Every time a Cottonelle toilet paper ad comes on, I hit the remote, either to mute it or to change the channel. According to the usual US television trope, people who speak with a British accent are supposed to be classy.
Toilet paper ads have been with us since the early days of television.

An early Charmin spokesperson was the matronly proprietor of the Delta Queen, a Mississippi steamboat that, at the time, was a floating hotel. Standing in a bathroom, the woman tells viewers that her guests expect soft absorbent towels and indicates a stack of towels. Then she says that passengers also expect softness and absorbency from bathroom tissue.
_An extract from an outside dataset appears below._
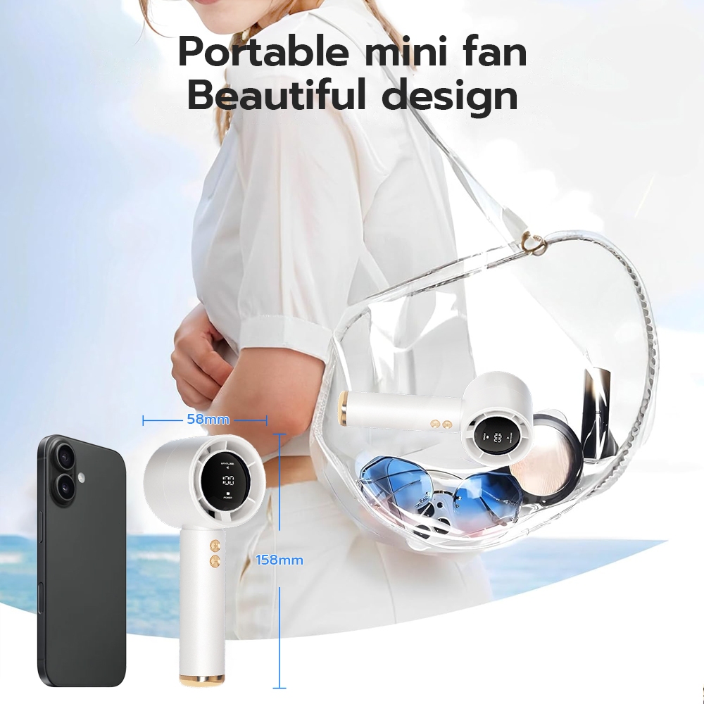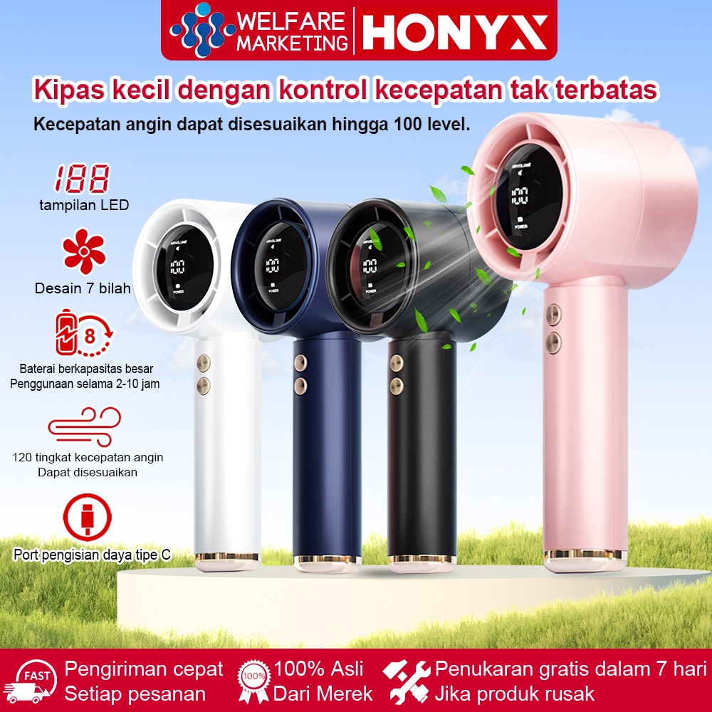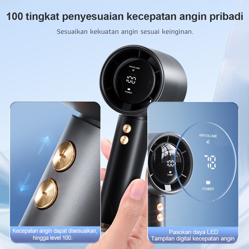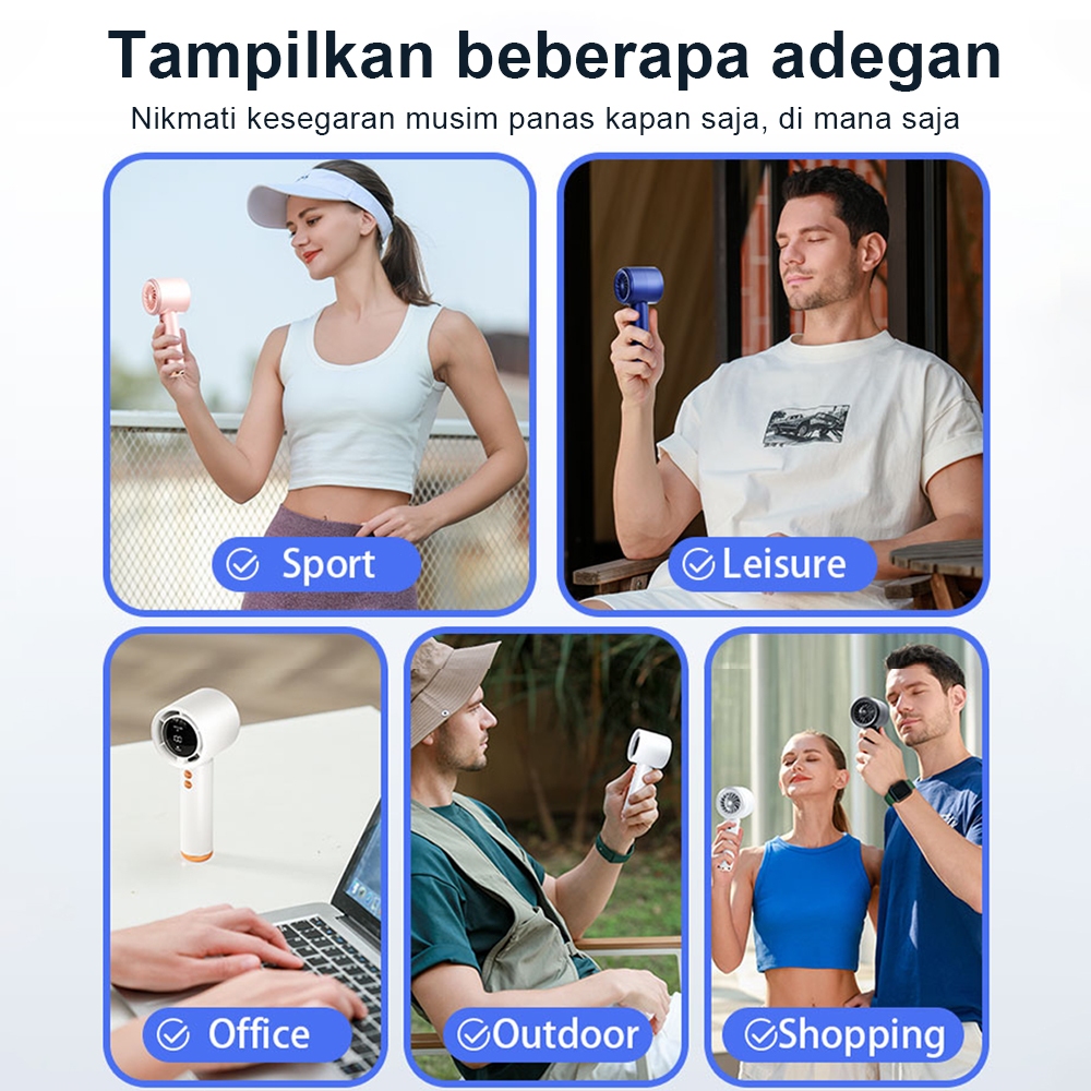 Kipas turbo miniKipas portabel isi ulangKipas genggam 100 tingkat kecepatan angin penyesuaian layar led

She illustrates the absorbent qualities of Charmin by placing a square against a shower door that is covered with moisture.

In 1964, Mr. Whipple, played by actor Dick Wilson, became the Charmin spokesman and continued in that role until 1985. Fixated on the softness of Charmin, Mr. Whipple patrolled his supermarket telling women not to squeeze the Charmin packages, but, before the end of the ad, he would be seen squeezing the wonderfully soft product himself. Never, in any of the 500 ads in which he appeared, did Mr. Whipple ever go into detail as to the specific uses of toilet paper.
Then comes the new millennium.

In 2000, Charmin ads introduced a family of animated bears whose chief topic of conversation is the wiping of behinds. The various ads show family members on the toilet or running about with bits of toilet paper stuck to their bottoms. These ads are repellent, but nothing compared to the ones for Cottonelle.
The Cottonelle ads regale us with a brazen young woman who buttonholes men and women as they exit a public toilet facility. Not only does she ask them if they’ve wiped their “bums,” she wants to know if they did a “complete job” of it. She demands to know if the rippled toilet paper has removed enough residue to enable them to “go commando.” (I had to look that expression up. It means “go without underwear.”)

Some parents’ groups are complaining to the manufacturers of Cottonelle because the ads encourage children to go without underwear. They should also complain about the sheer vulgarity of the ads.
I know that Mr. Whipple would be appalled.